Dalam konteks kehidupan modern, kemudahan akses informasi justru sering membuat masyarakat bingung menentukan rujukan yang benar. Fidyah untuk orang yang sudah meninggal dunia kerap disalahpahami sebagai amalan opsional, padahal dalam kondisi tertentu ia merupakan tanggung jawab yang perlu disegerakan. Semakin lama fidyah ditunda, semakin besar pula beban moral yang dirasakan oleh keluarga yang ditinggalkan.

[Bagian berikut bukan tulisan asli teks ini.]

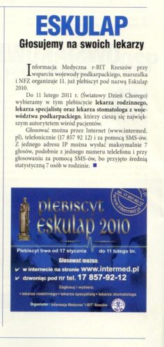 Informacja Medyczna r-BIT Rzeszów przy wsparciu wojewody podkarpackiego, marszałka i NFZ, zorganizowała XI Plebiscyt „Eskulap 2010” województwa podkarpackiego, którego celem był wybór lekarzy cieszących się największym autorytetem wśród pacjentów. Plebiscyt trwał do 11 lutego 2011 roku i został rozstrzygnięty w dniu 23 lutego br.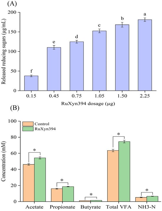 Effects of RuXyn394 on hydrolysis (A) and in vitro microbial fermentation (B) of wheat straw. Significant differences (p ≤ 0.05) are indicated by different lowercase letters and asterisks.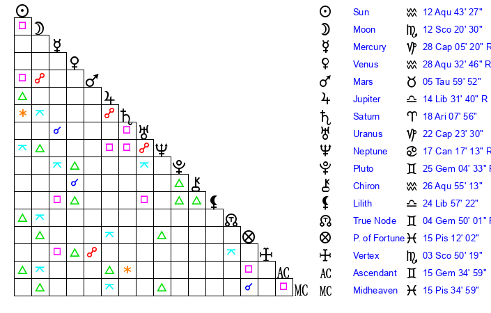 | Sun | 12 Aquarius 44 | 13 Aquarius 50 | 6 Gemini 12 |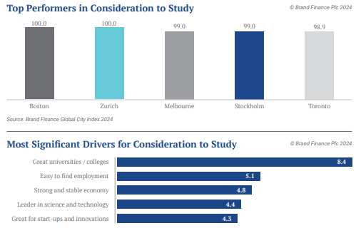 Looking beyond the top 5 drivers of consideration to study, we identified several other city brand attributes that the best study destinations have scored particularly high on.

Selain itu, menunaikan fidyah juga mengajarkan nilai kehati-hatian dalam beribadah. Ia menjadi pengingat bahwa setiap ibadah memiliki konsekuensi dan tanggung jawab, baik ketika masih hidup maupun setelah wafat. Kesadaran ini penting agar umat Islam tidak meremehkan ibadah puasa dan lebih bijak dalam mengambil keringanan (rukhsah) yang diberikan syariat.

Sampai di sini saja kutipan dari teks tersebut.